EXERCISE DIRECTIONS
Could you write out exactly, and only, the lines from the one containing "(二)接扣球垫球:接重扣球;接轻扣和吊球;接拦网触手的球;接快球。" through the last line of the data, leaving out all pictures?

THE DATA
*** Begin section ***
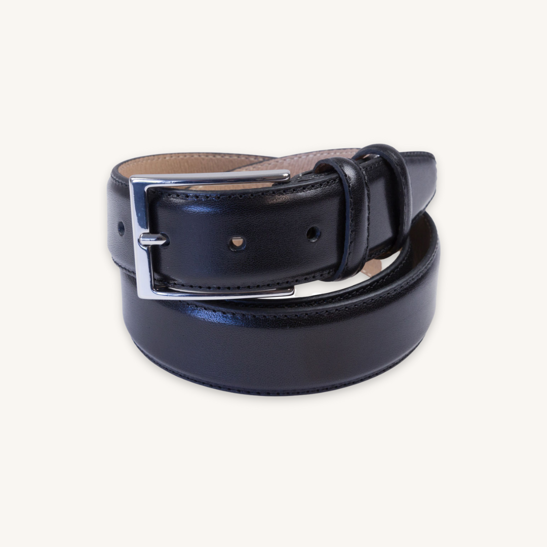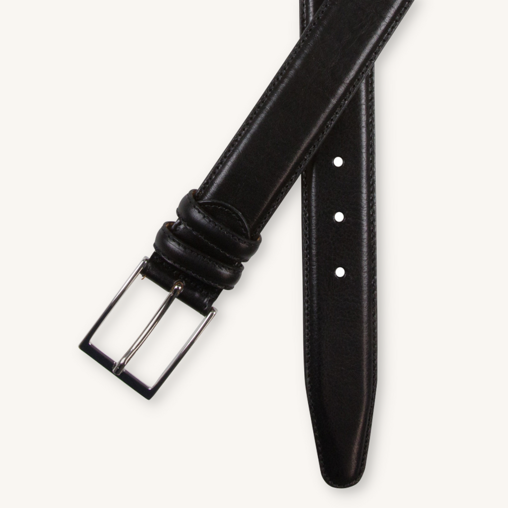 Discover the Black Leather Belt. This is a classic and timeless belt in soft leather made in Italy. The leather belt works great with both jeans, chinos and a suit. It has a square-shaped buckle in silver coating.
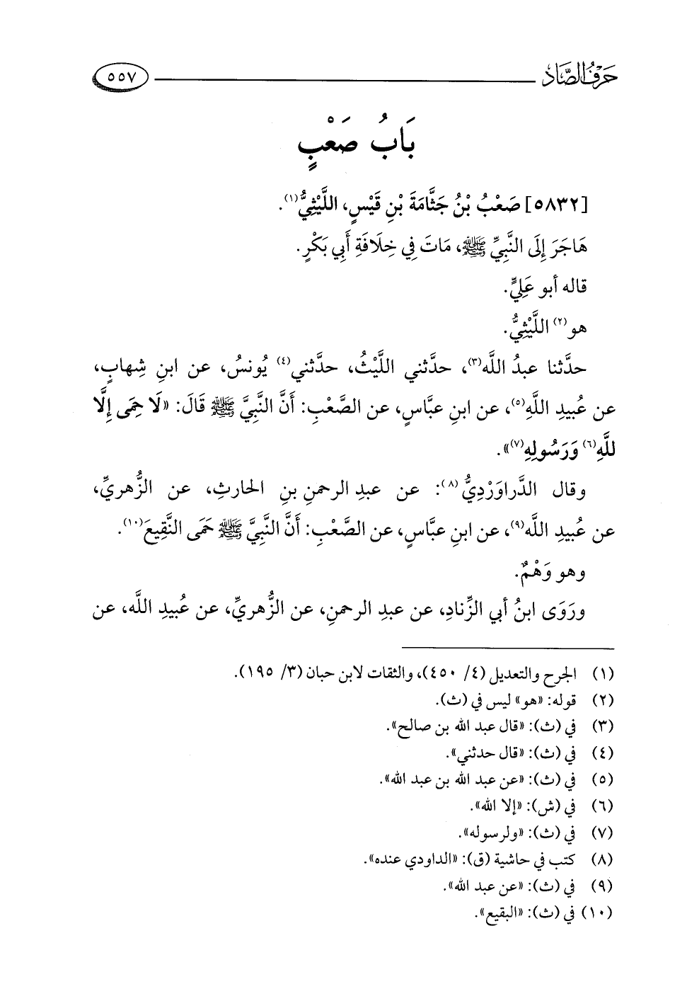 وقال الدَّراوَرْدِيُّ (¬٨): عن عبدِ الرحمنِ بنِ الحارثِ، عن الزُّهريِّ، عن عُبيدِ اللَّه (¬٩)، عن ابنِ عبَّاسٍ، عن الصَّعْبِ: أَنَّ النَّبِيَّ -صلى اللَّه عليه وسلم- حَمَى النَّقِيعَ (¬١٠).
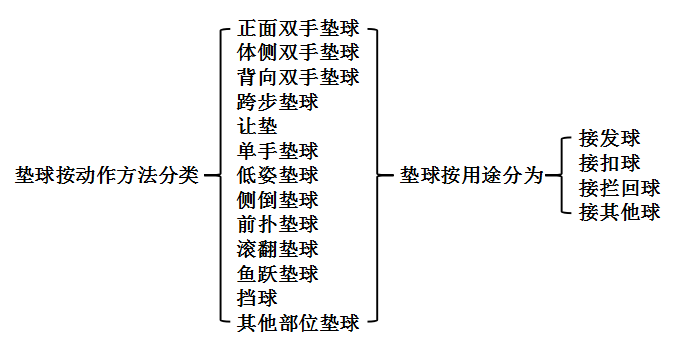(二)接扣球垫球:接重扣球;接轻扣和吊球;接拦网触手的球;接快球。
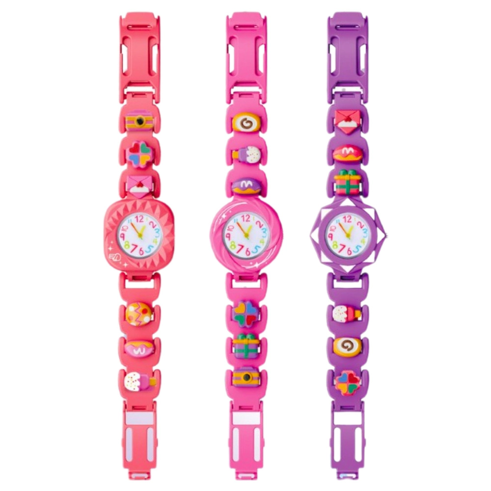 Ten kreatywny zestaw pozwala dzieciom zaprojektować i złożyć własne zegarki oraz bransoletki według wyobraźni. W środku znajdą różne kolorowe modułowe paski, wymienne oprawy tarczy oraz bogaty zestaw dekoracyjnych koralików. Dzięki łatwemu łączeniu można tworzyć niezliczone oryginalne kombinacje na każdą okazję.
*** End section ***
SOLUTION TO THE EXERCISE
(二)接扣球垫球:接重扣球;接轻扣和吊球;接拦网触手的球;接快球。
 Ten kreatywny zestaw pozwala dzieciom zaprojektować i złożyć własne zegarki oraz bransoletki według wyobraźni. W środku znajdą różne kolorowe modułowe paski, wymienne oprawy tarczy oraz bogaty zestaw dekoracyjnych koralików. Dzięki łatwemu łączeniu można tworzyć niezliczone oryginalne kombinacje na każdą okazję.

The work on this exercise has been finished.